Baca: Sejarawan: Sikap Keras Freeport Karena Ada Kepentingan Politik di Masa Lalu
Perusahaan tambang asing seperti Freeport memang wajib melakukan divestasi saham sebesar 51% yang diberikan kepada pemerintah Indonesia.
"Sekarang kami sampaikan ke Menteri, kalau KK jadi IUPK, apa yang kami miliki nanti? Posisi masyarakat dan pemerintah Papua ini ada di mana? Kalau jadi IUPK 51%, kami harus berapa persen dari situ?
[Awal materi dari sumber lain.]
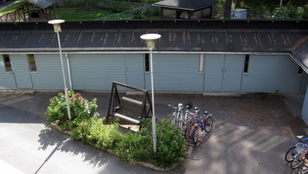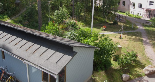Vasemmassa yläkulmassa näkyy heikohkosti polku, joka menee metsän läpi. Ihmiset käyvät siellä taluttelemassa lemmikkejään – kissoja ja koiria. Tuon varastorakennuksen toisella puolella on toinen keinu sekä sinne on laitettu kesäkalusteita. Käyn napsasemassa siitä kuvia kunhan kerkeän.

Ini yang kami tanyakan langsung ke Menteri," kata Eltinus di Kantor Kementerian ESDM Jakarta pada Senin (27/2).
Eltinus bilang, pemerintah melalui Menteri Energi dan Sumber Daya Mineral (ESDM) Ignasius Jonan, menyanggupi untuk memberikan sebagian dari saham Freeport kepada rakyat Papua melalui Pemerintah Daerah.
"Jadi memang menteri janji di dalam 51% ada bagian dari ulayat. Tadi ini yang kami datang ke pak Menteri," jelas Eltinus.